According to Hill, who spoke with the Daily Dot via e-mail, the image that caused her latest suspension came from a follower of Positive Birth who gave her permission to share it on the site. Positive Birth “share[s] images of birth on Facebook quite often, with the aim of reducing fear, education, empowerment of women,” Hill wrote in her e-mail.
Although Hill’s personal Facebook account has been frozen for seven days, the Positive Birth Movement page is still active. “They have even requested I send them my ID in the form of a photo of my passport,” she writes.
Hill suspects that Facebook is asking for her ID because some users have created false profiles to share banned content. “I have been banned a few times now and they want to prove I am a real person,” she writes.
With no way to contact Facebook directly, Hill has chosen to fight back against the ban by tweeting the photo alongside images of Kardashian’s bottom. “[It’s] interesting how similar the pictures are,” she wrote, “and how one can be so much more readily accepted.”
“Interesting,” yes, and perhaps infuriating as well. Yet this latest example of Facebook’s overzealous content policing is not at all surprising. For years, the social network has come under fire for its confusing and often self-contradictory community standards, with mothers attacking the social network for banning breastfeeding photos, on the grounds that such images violate Facebook’s anti-nudity and sexual content policy. (Facebook technically allows breastfeeding photos on the site now, but that hasn’t stopped other users from flagging the photos as “inappropriate” content.)
Most recently, comedian Chelsea Handler publicly lambasted Instagram, which is owned by Facebook, for banning a photo of her mocking Vladimir Putin by appearing topless on a horse, while simultaneously allowing Kardashian to post photos of her rear end.
“Just so I’m clear, Instagram… it’s ok to use nudity to sexualize yourself on your site, but not to make a joke?” Handler wrote in a caption for the shot, which has since been removed by Instagram. “I’m just so confused.”
Facebook’s community standards are particularly infuriating for Hill and members of her Positive Birth Movement group, who have been banned from Facebook multiple times for sharing photos that fall well outside the definition of pornographic content. The photos in question are nearly identical to ones that can be found in any reproductive health textbook. Given Facebook’s immense popularity, however, Hill doesn’t think that the Positive Birth Movement has much of a choice about staying on the social network.

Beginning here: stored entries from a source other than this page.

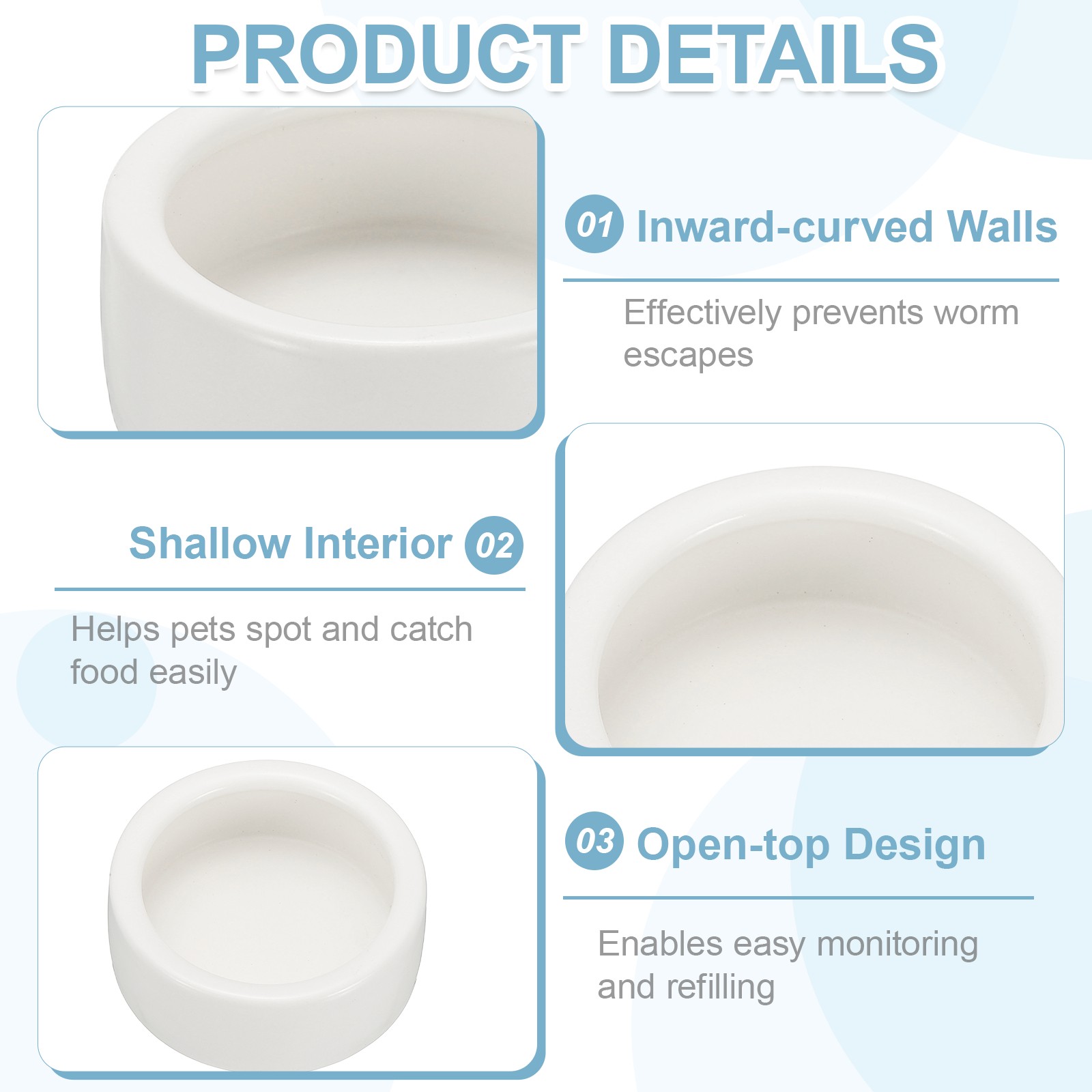 Reptile Food Bowl Worm Water Dish Ceramic Pet Bowl Small 2 White
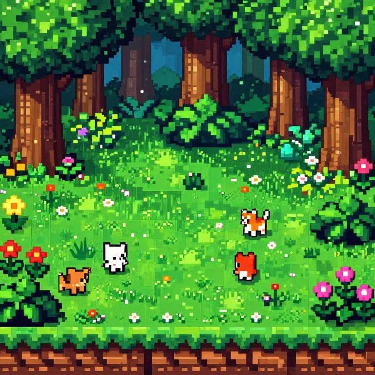 Pixel art AI exploring a pixelated digital forest, surrounded by blocky trees and pixelated animals, pastel color scheme, whimsical fantasy vibe, soft pixel gradients and dynamic lighting effects, pixel art adventure game style.
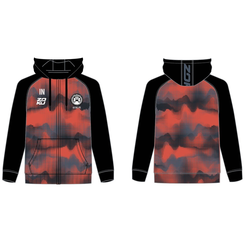 Cardiff High School GCSE PE Hoodie 2024 RED/BLACK PATTERNSizes available from: JL-XXLPlease allow up to 6-8weeksfor delivery from the window deadline as each item is made to order,and please concern that all made to order and customised item can not be ret
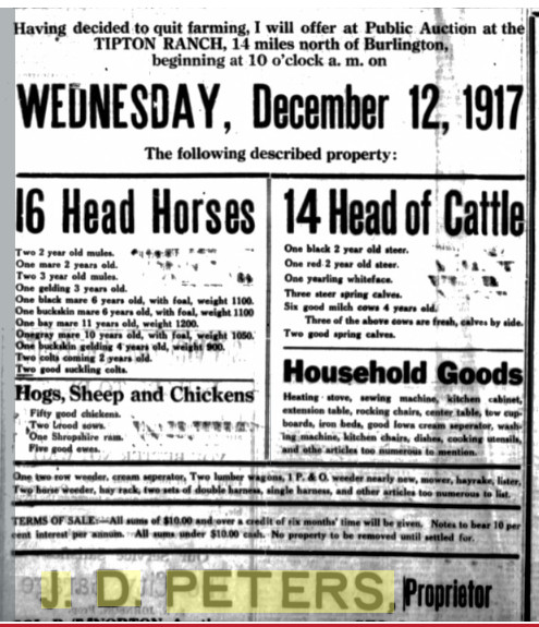 August 1915 Burlington, Colorado " J. D. Peters will Mee charge of the
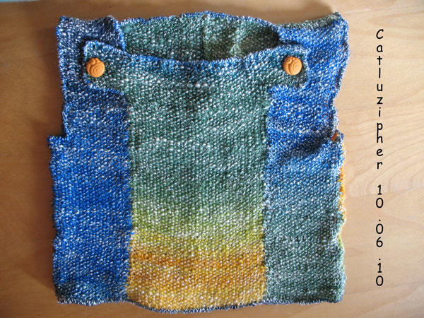 ergibt ein wunderschönes Verlaufsgarn, das ich dann für einen Pullunder vernadelt habe. Für ein großes Projekt für mich war es einfch zu wenig Wolle. Das Modell habe ich ähnlich auf einem Foto gesehen und dann einfach drauflosgestrickt. Passende Knöpfe waren noch da und so ist er fertig der kunterbunte Kinderpullunder.
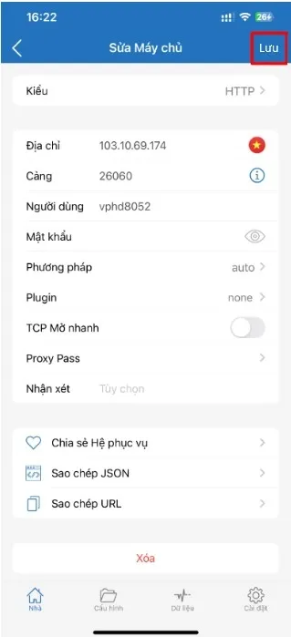 Bước 5: Bấm Lưu để lưu thông tin, sau đó tiếp tục bấm nút Kết nối để bật kết nối với máy chủ proxy mà bạn đã thêm.
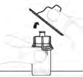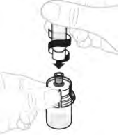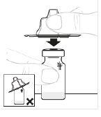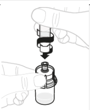 Trykk bestemt ned til adapteren smekker på plass. Spissen trenger igjennom proppen på hetteglasset.
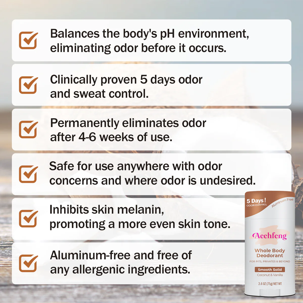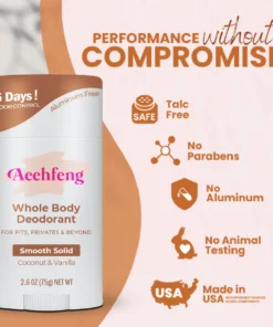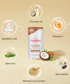 Aeehfeng Whole Body Deodorant never uses: Aluminum or Baking Soda, Benzene, Parabens, Pthalates, SLS, Blue or green dyes and NO animal testing. The innovatively incorporates natural plant ingredients such as amygdalic acid, maranta root powder, coconut oil, aloe vera, shea butter, Vitamin C, probiotics, etc. These components possess antibacterial and anti-inflammatory properties, helping to inhibit the growth of bacteria that cause body odor. Probiotics work to balance body bacteria, reducing the quantity of bacteria caused by sweat. This prevents the onset of odor before it begins. Aeehfeng also incorporates the ultimate moisturizing silky cream designed for breasts, thighs, groin, intimate areas, and skin folds, protecting the skin barrier, effectively preventing rashes and pimples, and resisting heat and humidity.
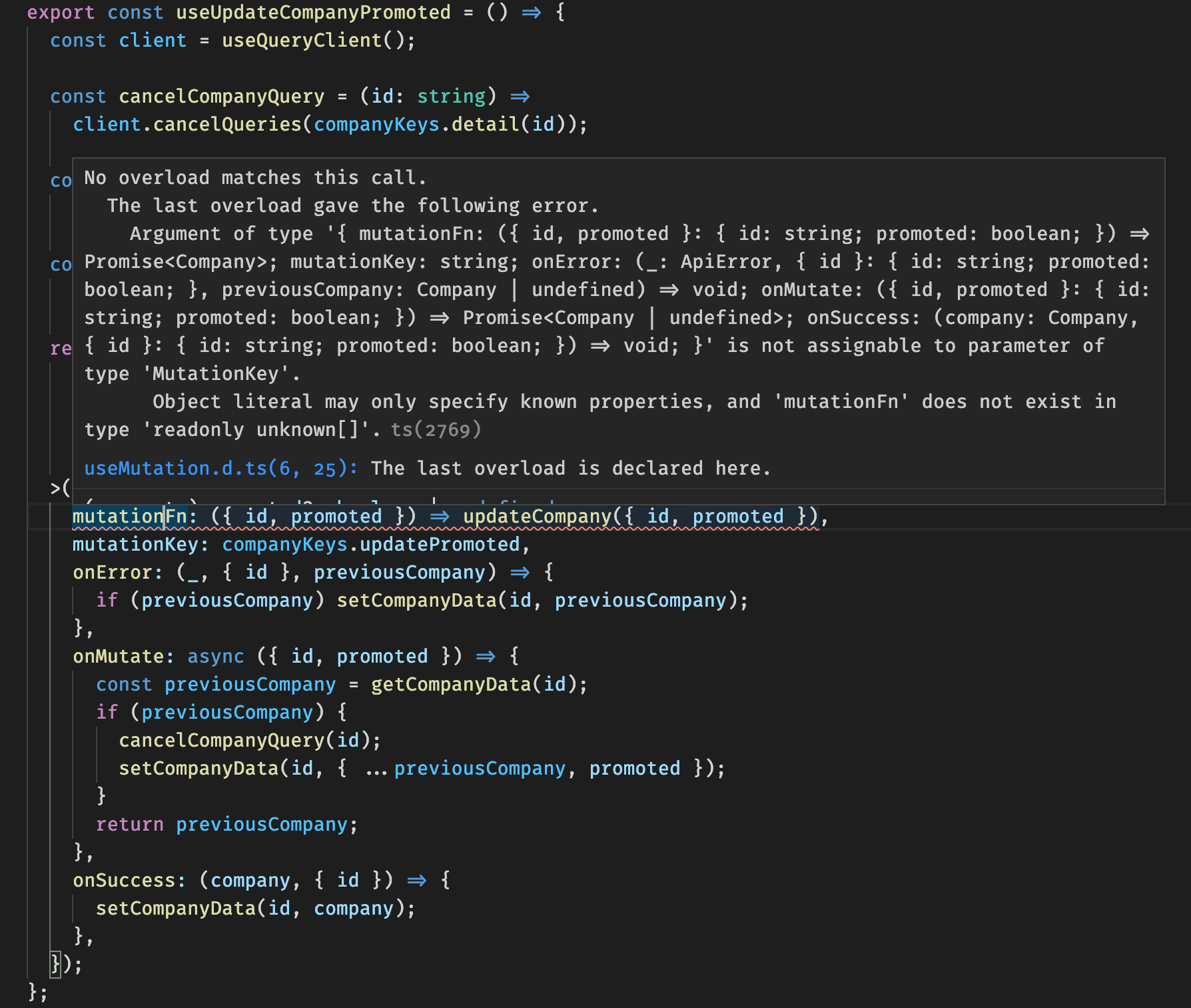 onMutate, because we currently define its type as, when we set an async function to it we'll receive a type error but it's very obscure and appears at another place.
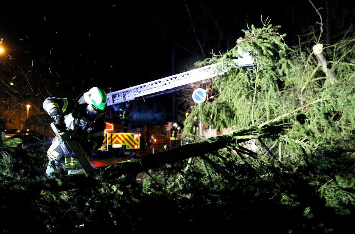 Eine etwa 25 Meter hohe Tanne entwurzelten starke Sturmböen am Samstagabend. Um 18.24 Uhr ging die Alarmierung bei der Feuerwehr Heiligenstadt ein. Das war noch nicht alles....

“I am interested in leaving Facebook but at the moment it is the ‘go to’ social media for most people and a good way to connect with women,” Hill wrote in her e-mail to the Daily Dot. “We are not ‘all about’ sharing images and challenging censorship. We have hundreds of Positive Birth Movement groups across the UK and around the world and we use Facebook to inform people about these groups and also share articles etc of interest. So for now we feel a presence on Facebook is important to us.”

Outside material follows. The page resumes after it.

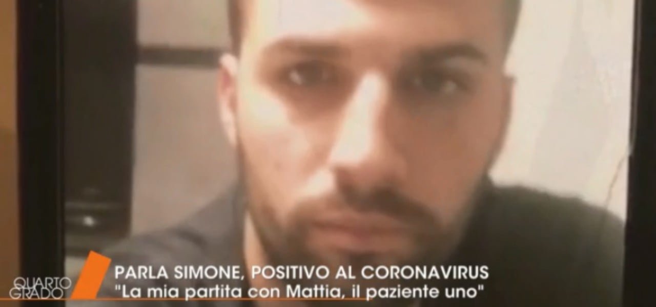 Positivo al coronavirus: la quarantena di Simone, cittadino di Casalpusterlengo, è stata raccontata in collegamento Skype nella puntata di ieri di Quarto Grado. Intervistato dal programma di Rete 4, il giovane ha raccontato di essere chiuso in casa da giovedì, quando ha scoperto che Mattia, suo compagno di calcetto, è stato confermato come caso di COVID-19. Non un caso come gli altri, a dirla tutta, si tratta infatti di Mattia, il 38enne definito “paziente uno”. Tutto è iniziato in maniera insospettabile: prima della partita di sabato mattina, infatti, Mattia non accusava nessun sintomo. L’amico ha raccontato: “Stava bene, scherzava con noi al pub. Poi dopo la partita, avrà giocato 10-15 minuti, quando siamo andati al pub per fare il nostro solito aperitivo post-partita ha chiesto un Oki perché aveva mal di testa. Da lì noi non abbiamo saputo più nulla. Poi giovedì alle 2 di notte un nostro amico è andato in ospedale perché la morosa si era tagliata facendo da mangiare ed è venuto fuori che Mattia era ricoverato”.

Facebook’s implementation of its policies suggests that Chelsea Handler’s assumption is correct: Using nudity to sexualize yourself on a public platform? Totally OK. Using nudity to make a joke, or to shine a light on a natural and beautiful part of the human life cycle? Not so much.
Update: A Facebook spokesperson reached out to the Daily Dot with the following comment:
“Several pictures from this page were mistakenly taken down, but have now been restored. As our team processes more than one million reports each week, we occasionally make a mistake, and we apologize.”